Worth noting, the results have looked stronger over time. Nowadays, the top 10 row is the subject of cultural conversation. From a cultural perspective, it is easily one of the most significant features the Netflix product team has ever shipped.
The results of the top 10 row rolling out globally illustrate how social features can sometimes perform even better after the test period. Once global and live, with marketing support behind them, they have time to generate their social effects.
Indeed, Netflix would end the first year of the Covid pandemic on a massive high. It crossed 200M subscribers, with 21% year-over-year growth.
2021 and Beyond
As Netflix looks forward, it has become, along with Meta and Microsoft, a poster child for experimentation. That reputation is rightfully earned. Through its actions, like the Netflix Tech Blog and open source contributions, it has contributed to the broader tech experimentation community greatly.
As it looks forward, and the effects of the Covid-19 pandemic eventually fade, Netflix will have increasing pressure to grow. As we have seen throughout its history, although streaming gave it a second wave of high growth rates, those rates have since recently decreased. Like most businesses, Netflix found it harder to grow at the same rate at scale.

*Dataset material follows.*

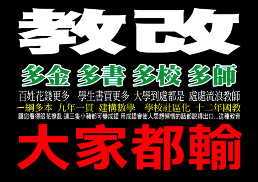 教育不可亂改:過去一連串的教改,記憶裡從台北的志願就學方案開始,歷經漫長13年以失敗收場。…另起爐灶的一綱多本、九年一貫、建構數學、學校社區化、優質化,名稱琳琅滿目…,每個學校都在為這些把戲忙得不可開交。一百六十幾所大學…現在已經嚐到惡果,慘況歷歷在目;現在還在方興未艾的玩十二年國教、偷偷修改課綱?多金、多書、多校、多師;百姓花錢更多、學生書買更多、補習班種類、生意更多、大學到處都是、處處流浪教師、碩士、博士滿街都是…眾多怪異現象,結果造成「大家都輸」。請問:「這樣的傷害,難道還不夠大嗎?」。

The bet Reed and Netflix’s executives are placing is that what Netflix has done in the past – bringing experimentation into entertainment – can take them into the future.
Takeaways
For product people and tech workers, Netflix is the archetypal example of how to run a global franchise, while personalizing for the preferences of a large number of sub-audiences. Netflix has been able to deliver such an amazing product depth to such a breadth of users due to its culture of experimentation.
Throughout the story of Netflix, we encountered many of the most important lessons in experimentation at mega-cap tech scale:
- Experimentation Works in the Real World as Well as Software
- Experimentation Is Great for Business Models
- Personalization Is a Great Canvas for Experimentation
- People Outside Can Help
- Build a Platform
- Choose the Right North Star Metric for Experiments
- Model Bounds are Worthy Experiments
- Experimentation Velocity is Everything
- Quasi-Experiments Have Their Place
- Go Social
These are the blueprint for tech workers looking to establish a culture of experimentation at their workplace. Ultimately, that is the key lesson from Netflix. The company tests just about everything. Many creative companies, especially, resist testing. Netflix embraces it.